Hacker News new | ask | show | jobs
by dynamite-ready 969 days ago
This software design principle is conspicuously absent at this point in time. Sure, Agile is important, and Agile processes do generate good products. But those processes have also come to introduce a cyclic development model, that's permeated back into the tools, and larger tool developers (like, those in the React / NodeJS class in terms of user base size) have abused this good intent.

Software can still be developed iteratively. That's not the problem. With CMake, for example, I don't 'fear' upgrades, because that team values the idea of 'finished' software. As does Microsoft.

On the other hand, the NPM and Apple dev teams do not cherish this idea. And in turn, both their user and developer communities suffer in the long run.

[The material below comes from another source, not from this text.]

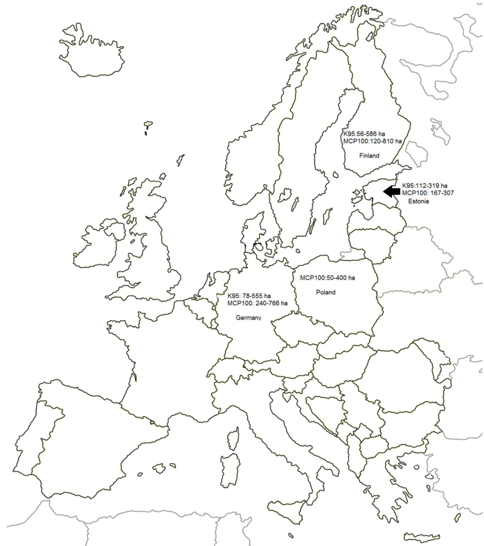
Fig 2. Home range sizes of raccoon dogs from different areas in Europe. K95—95% kernel home range; MCP100—100% minimum convex polygon; ha—hectares. Estonia—this study. Finland—Holmala and Kauhala 2009; Kauhala and Auttila 2010; Kauhala et al. 2010; Kauhala and Holmala 2008; Kauhala et al. 1993. Mustonen et al. 2012; Poland—Jedrzejewska and Jedrzejewski 1998. Germany—Drygala and Zoller 2013; Sutor and Schwarz 2012; Drygala et al. 2008a.

That's how I've come to see it recently.

1 comments

Microsoft will bend over backwards to maintain compatibility but at a huge cost to themselves. Can you imagine trying to fix a bug or vulnerability in some thirty year old Windows code without breaking anything. It must be like wading through treacle.
Yeah, but to be honest it is worth the cost because it benefits them in the long term. This sends a good signal to potential partner/investors (as in software developer/companies) that it is worth investing your time/ressources into the platform because you can expect things to stay stable enough to create a vision/roadmap/future. In the case of Apple, your software better make money in the next 3 years because after that you can expect to rewrite a lot of it, if said software is still possible at all... There is not a lot of 3D software on macOS (especially CADs), but you cannot blame the devs. Mac were already pretty anemics when it came to GPU power but if you had an OpenGL codebase you would now need to rewrite it all to metal even though it can only work on an OS with one of the smallest market share.